These weaknesses are addressed by multimodal detection frameworks by combining diverse features and jointly learning representations that cross-validate and fuse evidence from multiple perspectives as approaches of integrating visual features with dynamic behaviours and graph-based static have demonstrated superior generalization against obfuscation and adversarial perturbations, capturing structural and semantic relationships that remain invariant under attacks [3, 8]. Adversarial resilient strategies which combine variational autoencoders (AEs) with MLP sharing feature extractors further revamp generalization to unseen malware [6] and these improvements point out to the limitations of unimodal or simply fused systems and highlight the importance of hybrid, multimodal frameworks for resilient malware detection.

Some existing multimodal approaches also struggle to effectively align diverse feature spaces and adaptively fuse cross-modal information under obfuscated and adversarial conditions [6, 9, 10] as single-modal detectors or simple fusion strategies also fail to capture the fine-grained semantic alignments and correlations necessary to maintain resilience when malware authors manipulate features or exploit modality-specific weaknesses.

Contrastive learning strengthens the model’s capacity to discriminate between malware patterns and adversarial perturbed variants by using the agreement between semantically related samples across modalities while minimizing false correlations [10, 11]. As well, adaptive cross-modal fusion mechanisms dynamically weight and integrate modality-specific and cross-modal features to improve resistance against obfuscation-induced distortions, noise, and inconsistencies as this fusion may allow multimodal malware detectors to maintain high detection accuracy while offering improved adaptability and generalization against evolving evasion strategies.

This study offers an improved multimodal malware detection system that fills these limitations by making the following contributions:

Fusing ResNet-50 for image features and MLP encoders for tabular information for strong multimodal representation that captures discriminative patterns.
Dynamically integrating features, adaptive fusion and contrastive cross-modal learning by aligning multiple modalities to improve detection against obfuscation and adversarial attacks.

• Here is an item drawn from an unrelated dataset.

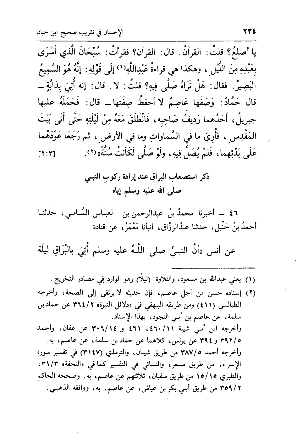 يَا أَصْلَعُ؟ قُلْتُ: الْقُرْآنُ قَالَ: الْقُرْآنُ؟ فَقَرَأْتُ: {سُبْحَانَ الَّذِي أَسْرَى بِعَبْدِهِ مِنَ اللَّيْلِ} وَهَكَذَا هِيَ قِرَاءَةُ عَبْدِ اللَّهِ1 إِلَى قَوْلِهِ: {إِنَّهُ هُوَ السَّمِيعُ الْبَصِيرُ} فَقَالَ: هَلْ تَرَاهُ صَلَّى فِيهِ؟ قُلْتُ: لَا قَالَ: "إِنَّهُ أُتِيَ بِدَابَّةٍ" قَالَ حَمَّادٌ وَصَفَهَا عَاصِمٌ لَا أَحْفَظُ صِفَتَهَا قَالَ: فَحَمَلَهُ عَلَيْهَا جِبْرِيلُ أَحَدُهُمَا رَدِيفُ صَاحِبِهِ فَانْطَلَقَ مَعَهُ مِنْ لَيْلَتِهِ حَتَّى أَتَى بَيْتَ الْمَقْدِسِ فَأُرِيَ مَا فِي السَّمَاوَاتِ وَمَا فِي الْأَرْضِ ثُمَّ رَجَعَا عَوْدَهُمَا عَلَى بَدْئِهِمَا فَلَمْ يُصَلِّ فِيهِ وَلَوْ صلى لكانت سنة2. [2:3]

This study enhances malware detection and offers a practical defense against adversarial and obfuscation perturbed threats by merging multimodal representation, robust cross-modal learning, and adaptive fusion.

2. Related Works

Malware detection has shifted towards multimodal detection systems to counter new-evasion techniques such as adversarial and obfuscation perturbation attacks that attempt to deceive individual unimodal systems. Different feature modalities such as tabular features, sequence representations, and image encodings are fused into one multimodal system to exploit invariant, fine-grained patterns, similarity intents and generalisation capabilities to maximise detection performance. Image-based detection usually employs deep convolutional neural networks (CNNs) to automatically learn useful structural, statistical, semantic and visual patterns in malware samples or extracted features (denoted as pixel encoded greyscale byteplot images).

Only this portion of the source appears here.